- Developer: Singapore-MIT Gambit Game Lab
- Publisher: Singapore-MIT Gambit Game Lab
- Producer: Andre Ng Yu Choon
- Programmers: Chong Zi Yi, Naomi Hinchen
- Artists: Nor Azman Rohman, Young Jin Chung, Frendy Wijaya
- Engine: Unity
- Platforms: Windows, Mac
- Release: 2011
- Genres: Action, Experimental narrative
- Mode: Single-player

= The Snowfield =

2011 experimental video game

The Snowfield is a 2011 action and experimental narrative video game, developed as a student project by the Singapore-MIT Gambit Game Lab, and set in World War I. The game is set on the aftermath of a great battle, with the player controlling a weakened soldier in the middle of a storm.

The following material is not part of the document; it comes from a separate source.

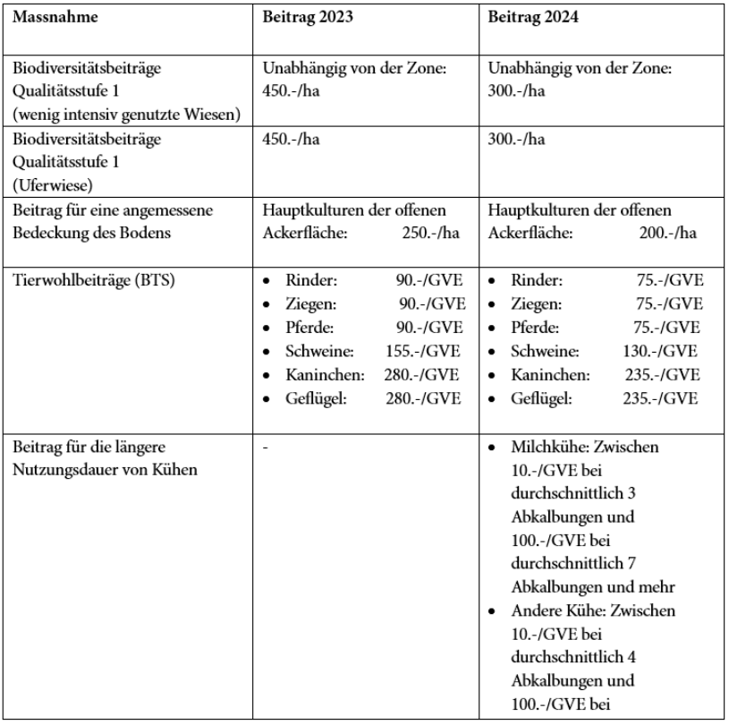 Nach der Verabschiedung des landwirtschaftlichen Verordnungspakets am 1. November 2023 wurden einige technische Vorschriften sowie einige Beiträge geändert.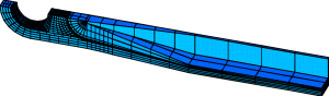 정부의 LINK Composite Structures 계획안의 투자 하에, Composite Landing Gear Strut 는 설계되었고 테스트되었다. LUSAS를 이용하여 3개의 composite Strut 배치에 대해 압축과 인장력 하에서의 레이업 배열을 결정하기 위해 정적 선형 해석이 착수되었다. 대칭구조이므로, Strut 의 1/8 만을 모델링에 반영해서 해석하였다. 16개 절점을 가진 고급 Solid Composite 요소가 모델의 각 부분 모델링에 사용되었고, LUSAS tied-slideline 기능이 단면 사이에 메쉬 간격이 일정하지 않은 부분을 효과적으로 접합하기 위해서 사용되었다. pin 하중을 대표적으로 free edges 상태의 바운더리 컨디션하에 lug 에 적용되었다. 3개의 tension 과 3개의 compression 에 대한 총 여섯개의 해석이 수행되었다. 압축과 인장력 각각에서의 최대 전단응력을 얻어내었고, 합성단면 사이에서의 전단응력 분포의 검토를 통해서 Composite Strut 의 배치를 최적화할 수 있었다.

According to the developers, the game's development was an attempt to make a simulation-based narrative game without the need for massive, complex AI and massive content generation. Instead, the developers created several segments of gameplay — characters, objects etc. — and fine-tuned them based on how initial testers interacted with them.

== Reception ==
Adam Smith, writing for Rock, Paper, Shotgun, praised the game's narrative and design uniqueness, as well as its well-worked aesthetics. The game was a finalist at the 17th Annual Independent Games Festival, hosted in 2012, in the Student category.